Being a non-Christian in Christian America has given me a different perspective from moderate, well-meaning, and even liberal Christians. I am somewhat offended at the current trend of ongoing attempts to bring religion into the discussion of politics. I greatly admire Jim Wallis and certainly respect his point of view. However, I do not agree with it. I believe that it is time to remove religion from the discussion and bring in science, economics, historical accuracy, social justice, and a certain amount of pragmatism. There can be, in fact, morality without religious overtones. There is sprituality without religiosity. America has traditionally not only supported freedom of religion, but also freedom from religion. Anyone who doubts that should read some of Thomas Jefferson’s writings or those of Mark Twain and many other great Americans.
Although I have little connection to or need for a concrete concept of a higher power or certainty of what happens after death, I do not denigrate religious faith or any kind of spirituality. I believe in the existence of many, many powers that cannot be, or have not been, perceived by our senses. However, I don’t want to be subjected to what should be a very personal relationship of an individual with his or her god, his or her spiritual fullfillment. Bringing religion into the public arena somehow cheapens it. And it does seem that the more extreme the beliefs (far-right Christianity, fundamentalist Muslims), the more pressing it seems to those who believe them to force everyone else to comply. Perhaps it makes it easier to continue to adhere to the strictures of inherently illogical or unlikely dogma if everyone believes the same thing.

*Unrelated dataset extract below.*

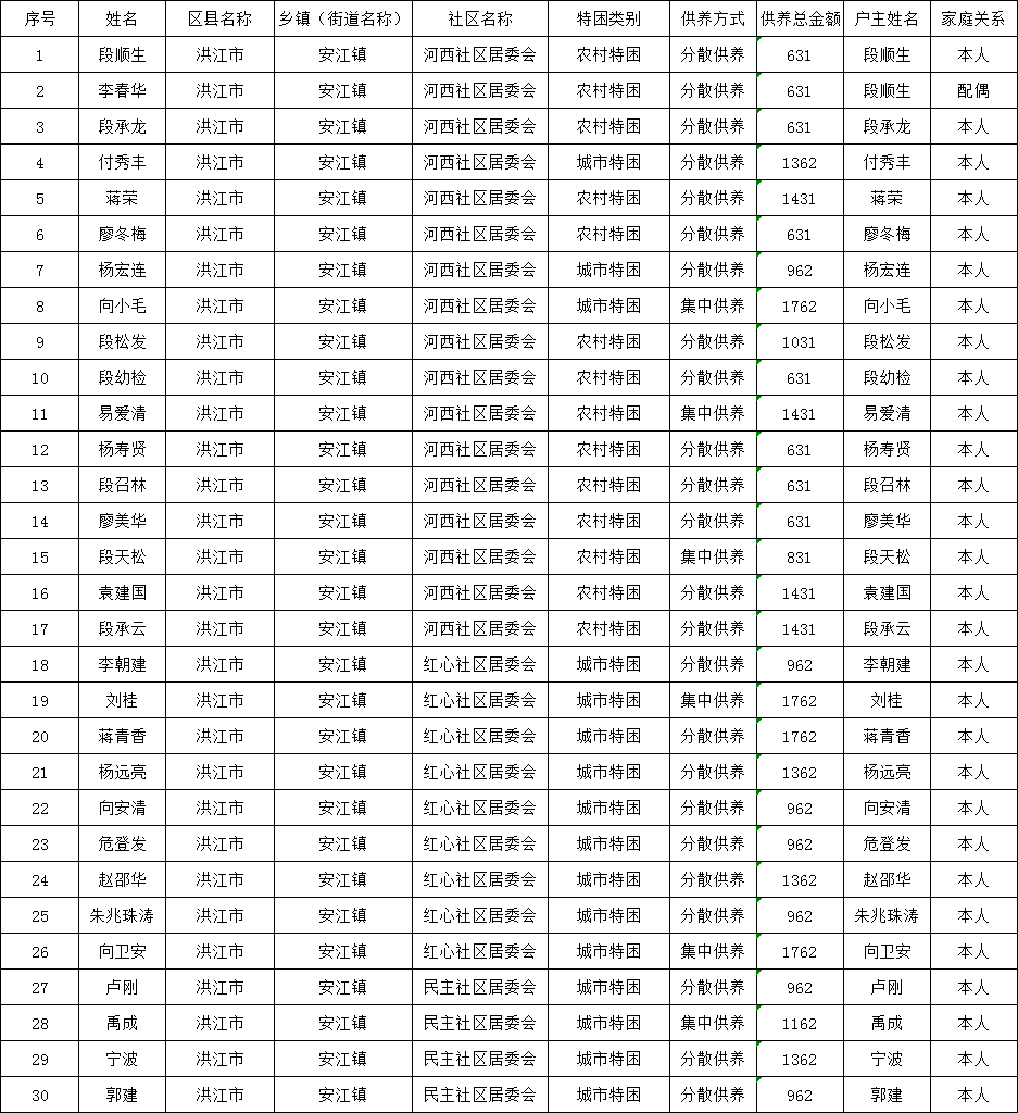 安江镇2025年10月特困人员供养人员名单公示表.xlsx

It has been said that the difference between believers and non-believers is that the non-believer doesn’t care what you believe. This is true for me insofar as what they believe does not trample on my individual freedoms.
Posted by LeeAnn Gallucci on May 25, 2005 at 8:43 AM LeeAnn certainly has a point: “Many of those now in power in Washington, along with the far right zealots who support them, are far, far from being conservatives.”
Remember, a child of privilege, GW never even bothered to visit Europe before becoming president. He was a virtual isolationist. I doubt anyone could have credibly seen GW engaging in wars to spread democracy prior to 911 (i am not putting a value judgement on whether any of this is good or bad, just establishing where we were in early 2001). Such a policy is far from conservative! It may become the greatest thing the US ever did (far exceeding the Marshall Plan) or it may lead to the eventual downfall of the US superpower (gonna happen sometime, sooner or later), time will tell. But definitely NOT conservative. . .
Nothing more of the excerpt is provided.